DATA EXTRACT:
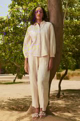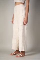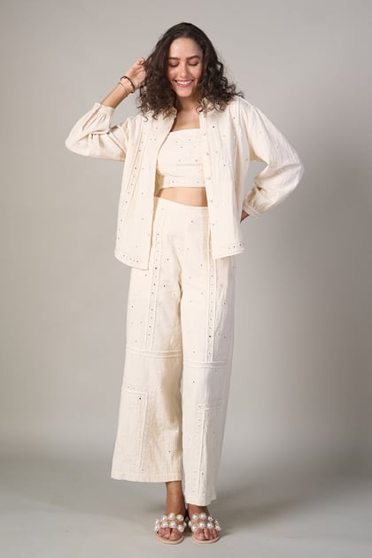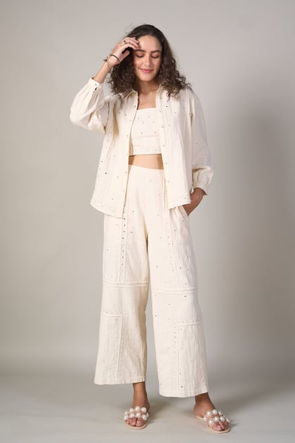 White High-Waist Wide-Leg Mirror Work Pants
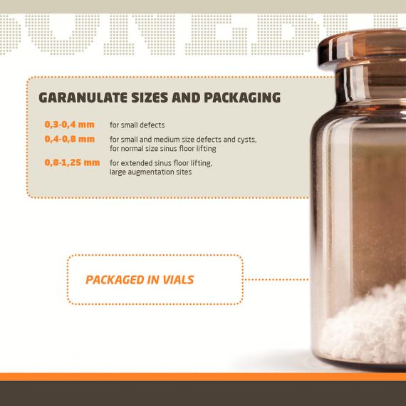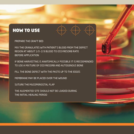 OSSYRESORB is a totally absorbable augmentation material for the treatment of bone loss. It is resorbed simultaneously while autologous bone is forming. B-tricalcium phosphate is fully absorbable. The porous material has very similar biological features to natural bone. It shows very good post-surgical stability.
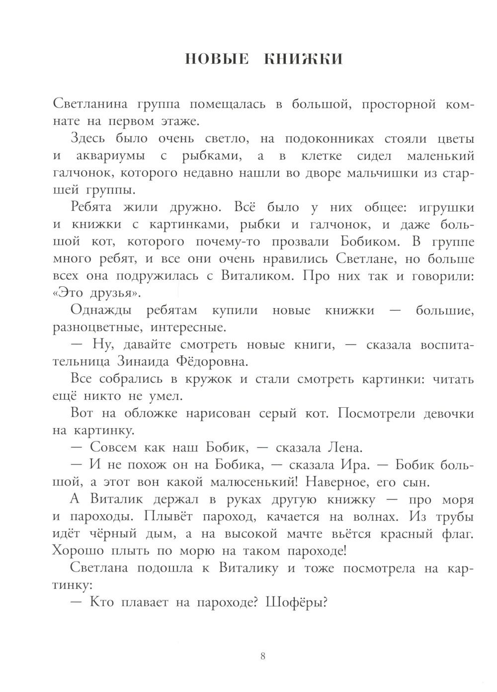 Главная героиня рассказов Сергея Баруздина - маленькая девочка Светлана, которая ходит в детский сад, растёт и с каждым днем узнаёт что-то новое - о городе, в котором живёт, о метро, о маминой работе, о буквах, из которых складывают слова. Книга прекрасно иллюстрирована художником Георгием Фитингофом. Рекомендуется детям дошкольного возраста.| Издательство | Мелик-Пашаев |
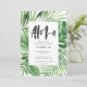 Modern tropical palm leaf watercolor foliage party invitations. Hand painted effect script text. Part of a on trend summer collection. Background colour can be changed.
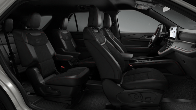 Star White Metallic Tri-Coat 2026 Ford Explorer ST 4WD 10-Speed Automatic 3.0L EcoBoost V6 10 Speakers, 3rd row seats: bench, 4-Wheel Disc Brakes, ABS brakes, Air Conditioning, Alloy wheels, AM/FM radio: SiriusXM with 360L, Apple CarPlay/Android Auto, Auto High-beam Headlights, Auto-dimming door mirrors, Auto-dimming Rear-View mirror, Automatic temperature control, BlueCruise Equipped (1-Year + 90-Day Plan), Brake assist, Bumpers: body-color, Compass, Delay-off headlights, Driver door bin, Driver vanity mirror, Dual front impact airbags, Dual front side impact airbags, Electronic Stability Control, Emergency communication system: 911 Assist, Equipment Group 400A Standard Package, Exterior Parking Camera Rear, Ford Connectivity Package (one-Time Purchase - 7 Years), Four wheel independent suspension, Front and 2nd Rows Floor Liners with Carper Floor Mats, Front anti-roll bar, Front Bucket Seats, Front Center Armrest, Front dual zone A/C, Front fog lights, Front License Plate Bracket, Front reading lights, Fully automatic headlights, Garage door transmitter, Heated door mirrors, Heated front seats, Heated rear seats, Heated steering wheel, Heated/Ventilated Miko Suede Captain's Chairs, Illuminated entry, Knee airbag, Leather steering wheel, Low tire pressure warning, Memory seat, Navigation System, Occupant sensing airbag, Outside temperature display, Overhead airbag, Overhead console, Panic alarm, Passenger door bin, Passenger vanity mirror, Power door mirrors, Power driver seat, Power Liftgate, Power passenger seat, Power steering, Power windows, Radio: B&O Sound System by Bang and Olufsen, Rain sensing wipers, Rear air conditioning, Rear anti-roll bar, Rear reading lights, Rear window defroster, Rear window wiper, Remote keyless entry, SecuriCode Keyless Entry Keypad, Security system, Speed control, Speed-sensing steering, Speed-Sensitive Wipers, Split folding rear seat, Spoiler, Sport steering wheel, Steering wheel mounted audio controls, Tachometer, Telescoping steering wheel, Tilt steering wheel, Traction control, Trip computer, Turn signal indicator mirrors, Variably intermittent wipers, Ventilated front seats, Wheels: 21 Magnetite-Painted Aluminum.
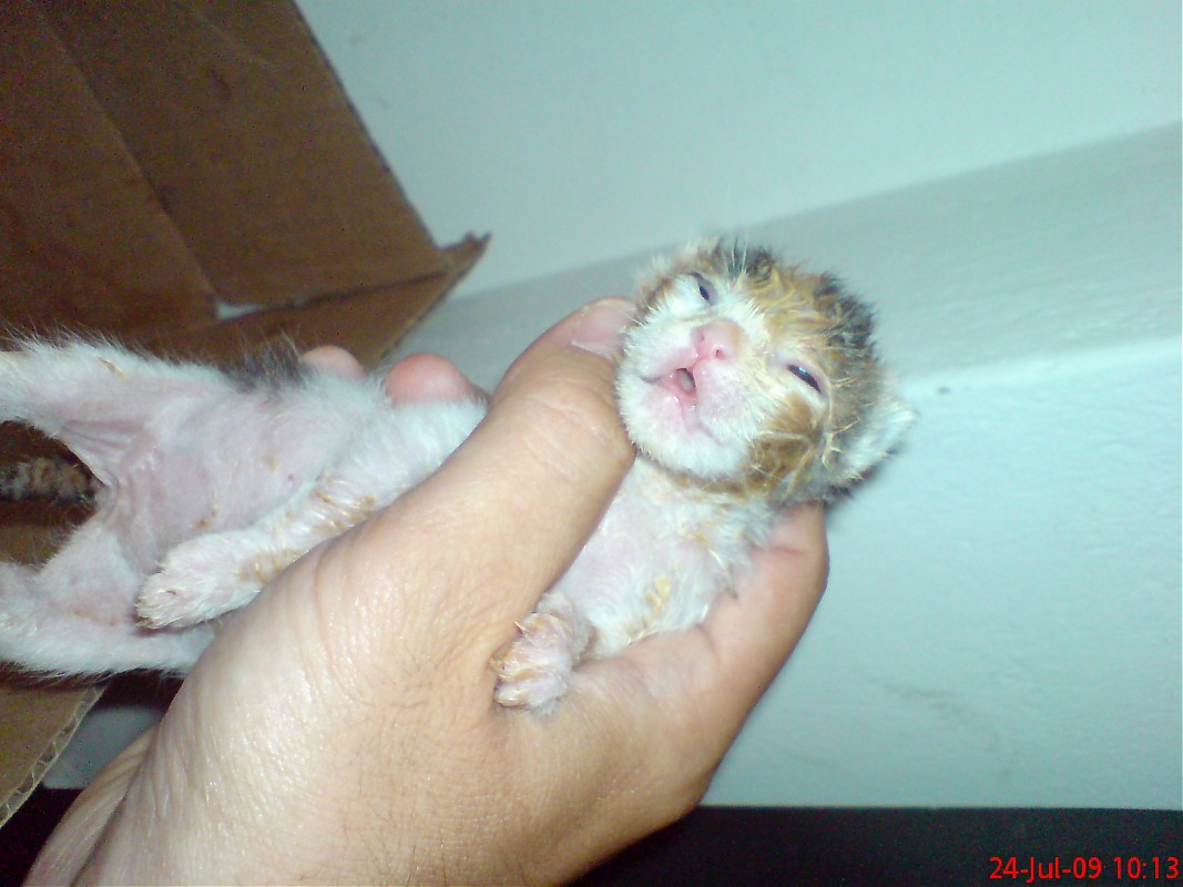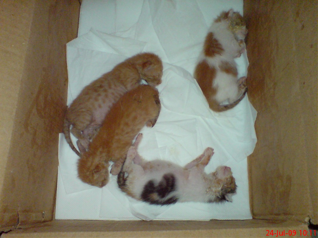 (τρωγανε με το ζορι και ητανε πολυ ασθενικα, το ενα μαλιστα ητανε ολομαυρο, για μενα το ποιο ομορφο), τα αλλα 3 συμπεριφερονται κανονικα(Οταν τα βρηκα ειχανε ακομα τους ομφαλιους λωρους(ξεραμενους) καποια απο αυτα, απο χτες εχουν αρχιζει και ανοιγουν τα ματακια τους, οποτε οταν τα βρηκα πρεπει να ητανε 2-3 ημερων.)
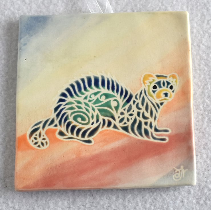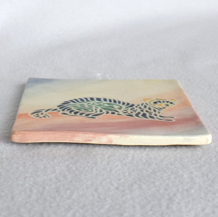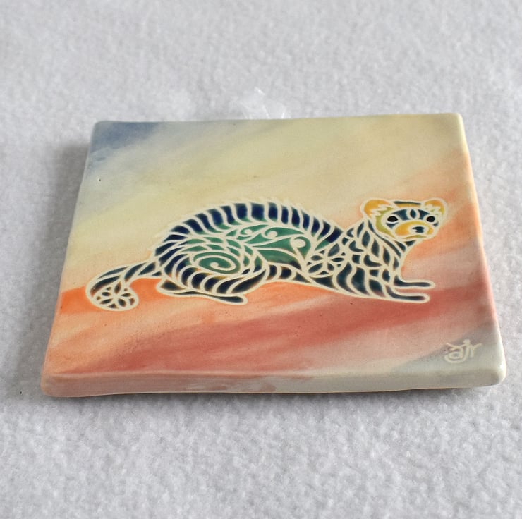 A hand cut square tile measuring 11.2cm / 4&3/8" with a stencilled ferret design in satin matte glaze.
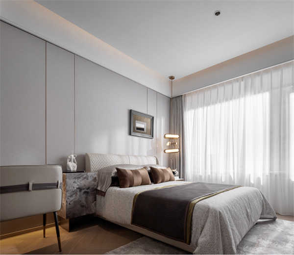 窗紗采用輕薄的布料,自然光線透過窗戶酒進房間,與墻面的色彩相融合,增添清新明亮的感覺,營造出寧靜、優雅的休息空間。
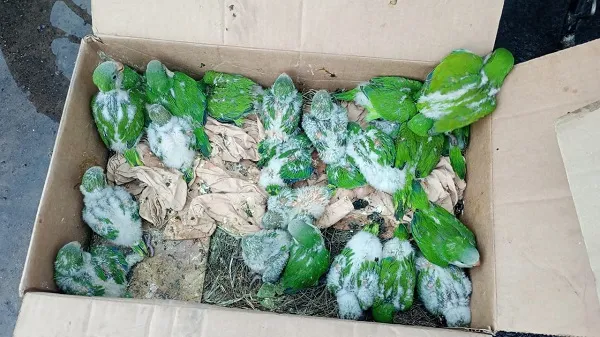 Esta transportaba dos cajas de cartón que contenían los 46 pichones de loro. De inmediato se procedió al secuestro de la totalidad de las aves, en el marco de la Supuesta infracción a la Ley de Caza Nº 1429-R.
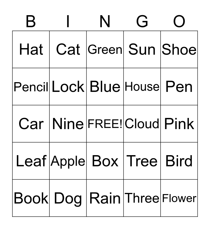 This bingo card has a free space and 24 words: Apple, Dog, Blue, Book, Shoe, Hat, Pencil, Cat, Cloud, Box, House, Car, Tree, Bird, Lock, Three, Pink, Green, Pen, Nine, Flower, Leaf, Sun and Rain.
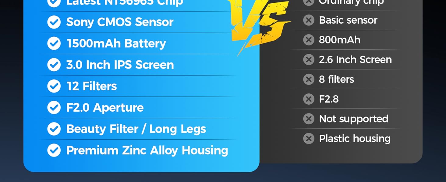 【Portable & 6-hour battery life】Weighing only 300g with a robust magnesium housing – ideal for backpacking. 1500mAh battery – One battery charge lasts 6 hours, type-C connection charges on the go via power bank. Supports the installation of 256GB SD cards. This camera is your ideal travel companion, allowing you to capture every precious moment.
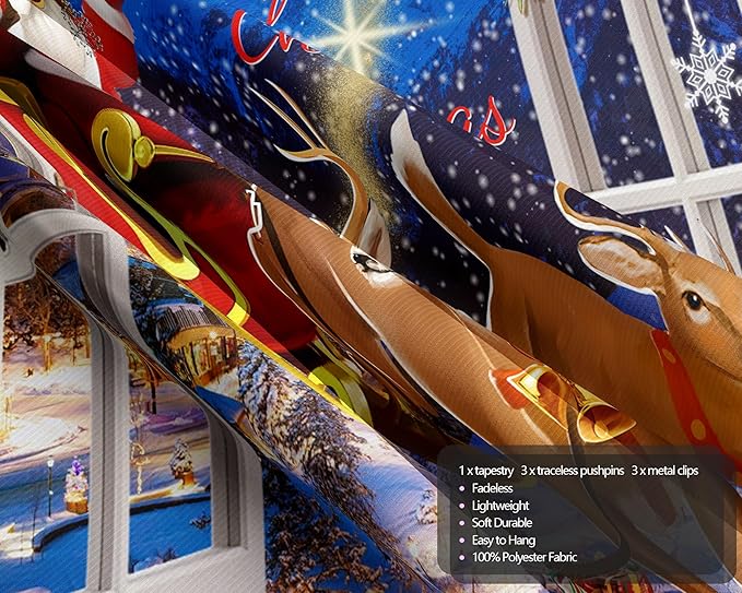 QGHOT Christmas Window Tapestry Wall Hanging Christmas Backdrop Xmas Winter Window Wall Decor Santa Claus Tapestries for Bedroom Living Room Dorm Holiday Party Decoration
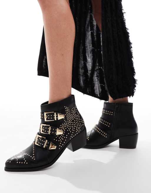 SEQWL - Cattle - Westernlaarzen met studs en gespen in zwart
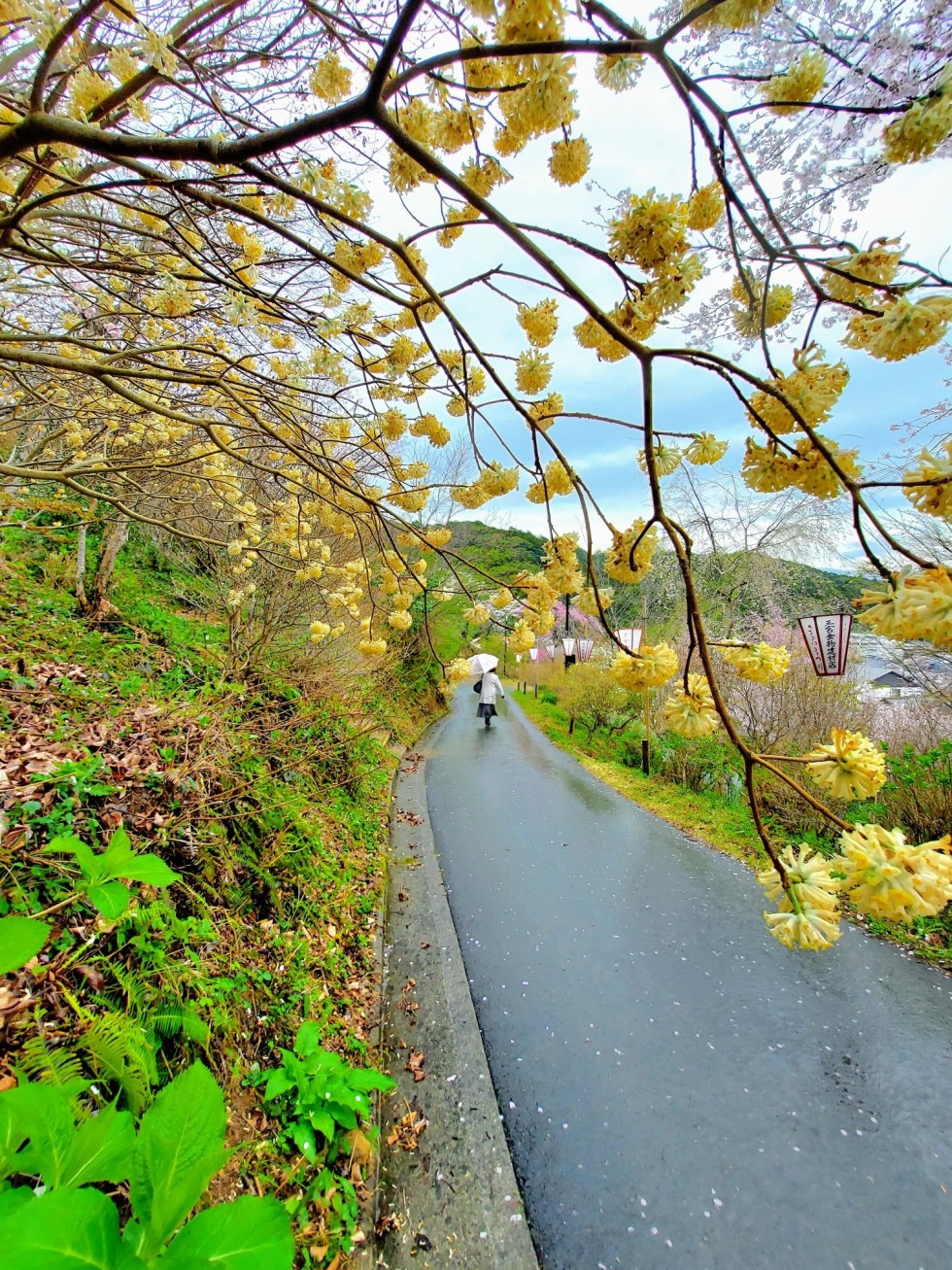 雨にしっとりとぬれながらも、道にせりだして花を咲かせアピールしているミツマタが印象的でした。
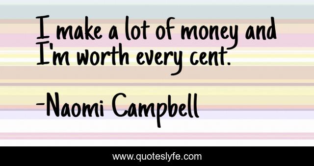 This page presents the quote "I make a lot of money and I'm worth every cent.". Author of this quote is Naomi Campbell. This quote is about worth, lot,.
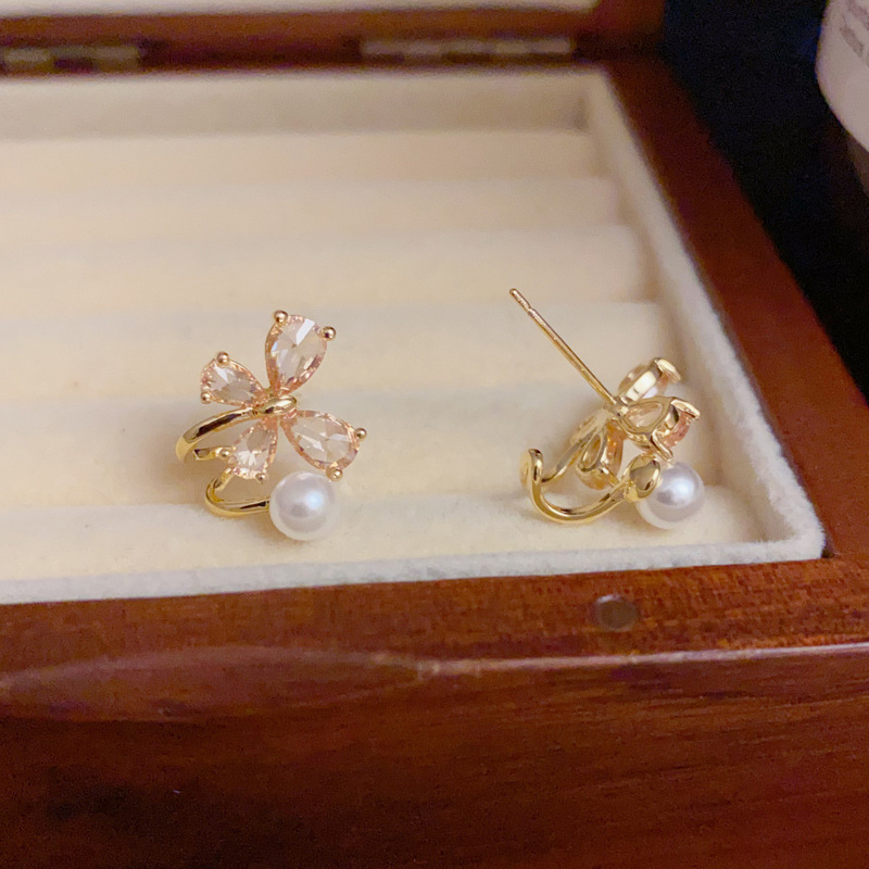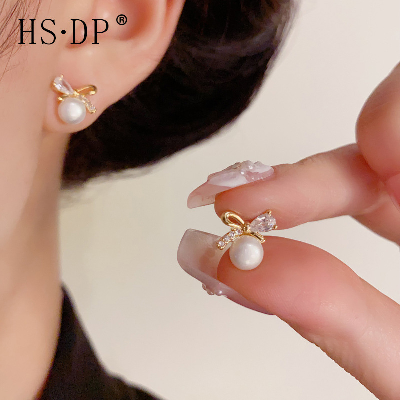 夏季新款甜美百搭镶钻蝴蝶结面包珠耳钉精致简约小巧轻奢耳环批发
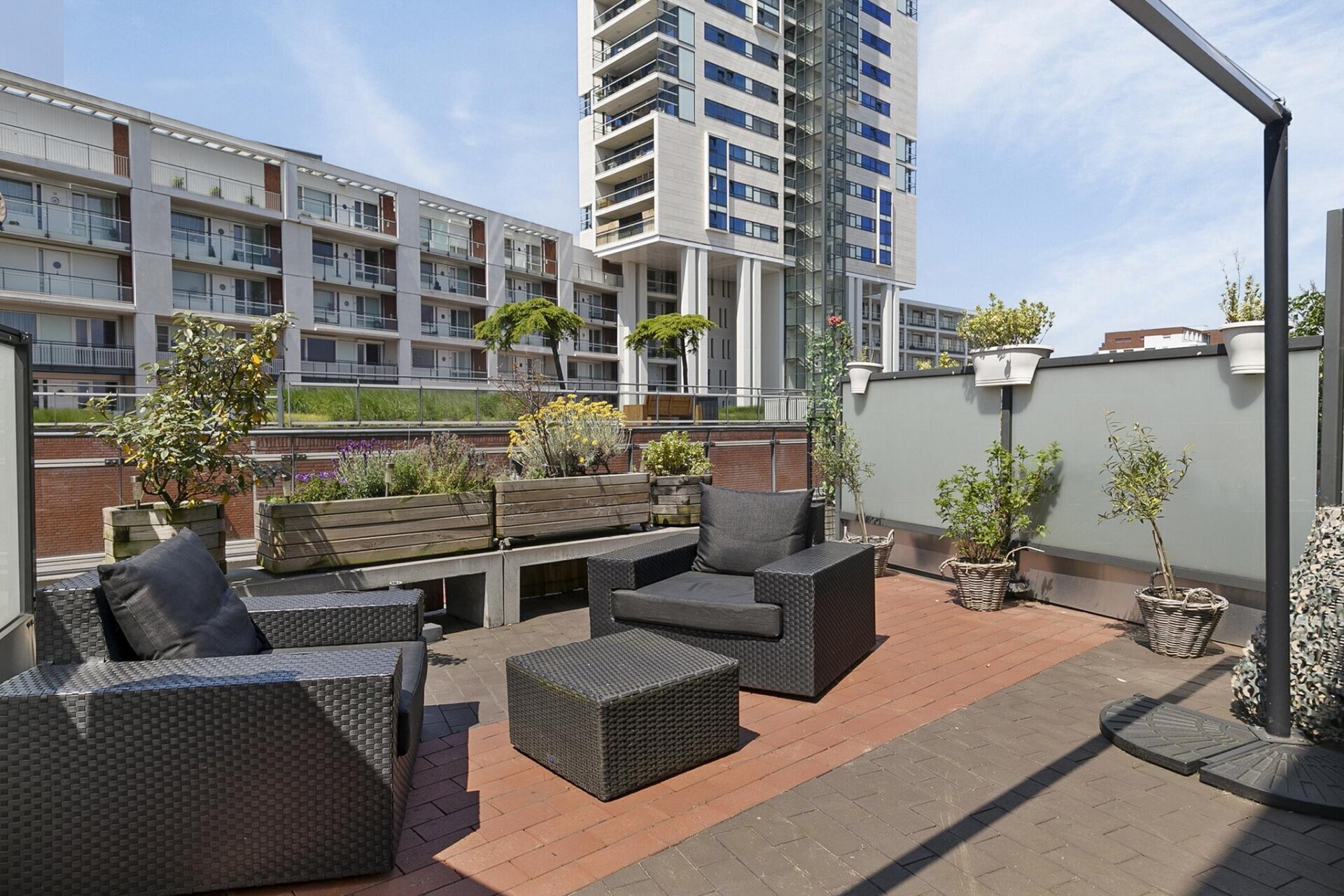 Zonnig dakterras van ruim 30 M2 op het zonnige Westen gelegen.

YOUR ASSIGNMENT: Wherever an image appears, omit it, and retype everything else in the entries exactly.

REPLY TO THE TASK:
 White High-Waist Wide-Leg Mirror Work Pants
 OSSYRESORB is a totally absorbable augmentation material for the treatment of bone loss. It is resorbed simultaneously while autologous bone is forming. B-tricalcium phosphate is fully absorbable. The porous material has very similar biological features to natural bone. It shows very good post-surgical stability.
 Главная героиня рассказов Сергея Баруздина - маленькая девочка Светлана, которая ходит в детский сад, растёт и с каждым днем узнаёт что-то новое - о городе, в котором живёт, о метро, о маминой работе, о буквах, из которых складывают слова. Книга прекрасно иллюстрирована художником Георгием Фитингофом. Рекомендуется детям дошкольного возраста.| Издательство | Мелик-Пашаев |
 Modern tropical palm leaf watercolor foliage party invitations. Hand painted effect script text. Part of a on trend summer collection. Background colour can be changed.
 Star White Metallic Tri-Coat 2026 Ford Explorer ST 4WD 10-Speed Automatic 3.0L EcoBoost V6 10 Speakers, 3rd row seats: bench, 4-Wheel Disc Brakes, ABS brakes, Air Conditioning, Alloy wheels, AM/FM radio: SiriusXM with 360L, Apple CarPlay/Android Auto, Auto High-beam Headlights, Auto-dimming door mirrors, Auto-dimming Rear-View mirror, Automatic temperature control, BlueCruise Equipped (1-Year + 90-Day Plan), Brake assist, Bumpers: body-color, Compass, Delay-off headlights, Driver door bin, Driver vanity mirror, Dual front impact airbags, Dual front side impact airbags, Electronic Stability Control, Emergency communication system: 911 Assist, Equipment Group 400A Standard Package, Exterior Parking Camera Rear, Ford Connectivity Package (one-Time Purchase - 7 Years), Four wheel independent suspension, Front and 2nd Rows Floor Liners with Carper Floor Mats, Front anti-roll bar, Front Bucket Seats, Front Center Armrest, Front dual zone A/C, Front fog lights, Front License Plate Bracket, Front reading lights, Fully automatic headlights, Garage door transmitter, Heated door mirrors, Heated front seats, Heated rear seats, Heated steering wheel, Heated/Ventilated Miko Suede Captain's Chairs, Illuminated entry, Knee airbag, Leather steering wheel, Low tire pressure warning, Memory seat, Navigation System, Occupant sensing airbag, Outside temperature display, Overhead airbag, Overhead console, Panic alarm, Passenger door bin, Passenger vanity mirror, Power door mirrors, Power driver seat, Power Liftgate, Power passenger seat, Power steering, Power windows, Radio: B&O Sound System by Bang and Olufsen, Rain sensing wipers, Rear air conditioning, Rear anti-roll bar, Rear reading lights, Rear window defroster, Rear window wiper, Remote keyless entry, SecuriCode Keyless Entry Keypad, Security system, Speed control, Speed-sensing steering, Speed-Sensitive Wipers, Split folding rear seat, Spoiler, Sport steering wheel, Steering wheel mounted audio controls, Tachometer, Telescoping steering wheel, Tilt steering wheel, Traction control, Trip computer, Turn signal indicator mirrors, Variably intermittent wipers, Ventilated front seats, Wheels: 21 Magnetite-Painted Aluminum.
 (τρωγανε με το ζορι και ητανε πολυ ασθενικα, το ενα μαλιστα ητανε ολομαυρο, για μενα το ποιο ομορφο), τα αλλα 3 συμπεριφερονται κανονικα(Οταν τα βρηκα ειχανε ακομα τους ομφαλιους λωρους(ξεραμενους) καποια απο αυτα, απο χτες εχουν αρχιζει και ανοιγουν τα ματακια τους, οποτε οταν τα βρηκα πρεπει να ητανε 2-3 ημερων.)
 A hand cut square tile measuring 11.2cm / 4&3/8" with a stencilled ferret design in satin matte glaze.
 窗紗采用輕薄的布料,自然光線透過窗戶酒進房間,與墻面的色彩相融合,增添清新明亮的感覺,營造出寧靜、優雅的休息空間。
 Esta transportaba dos cajas de cartón que contenían los 46 pichones de loro. De inmediato se procedió al secuestro de la totalidad de las aves, en el marco de la Supuesta infracción a la Ley de Caza Nº 1429-R.
 This bingo card has a free space and 24 words: Apple, Dog, Blue, Book, Shoe, Hat, Pencil, Cat, Cloud, Box, House, Car, Tree, Bird, Lock, Three, Pink, Green, Pen, Nine, Flower, Leaf, Sun and Rain.
 【Portable & 6-hour battery life】Weighing only 300g with a robust magnesium housing – ideal for backpacking. 1500mAh battery – One battery charge lasts 6 hours, type-C connection charges on the go via power bank. Supports the installation of 256GB SD cards. This camera is your ideal travel companion, allowing you to capture every precious moment.
 QGHOT Christmas Window Tapestry Wall Hanging Christmas Backdrop Xmas Winter Window Wall Decor Santa Claus Tapestries for Bedroom Living Room Dorm Holiday Party Decoration
 SEQWL - Cattle - Westernlaarzen met studs en gespen in zwart
 雨にしっとりとぬれながらも、道にせりだして花を咲かせアピールしているミツマタが印象的でした。
 This page presents the quote "I make a lot of money and I'm worth every cent.". Author of this quote is Naomi Campbell. This quote is about worth, lot,.
 夏季新款甜美百搭镶钻蝴蝶结面包珠耳钉精致简约小巧轻奢耳环批发
 Zonnig dakterras van ruim 30 M2 op het zonnige Westen gelegen.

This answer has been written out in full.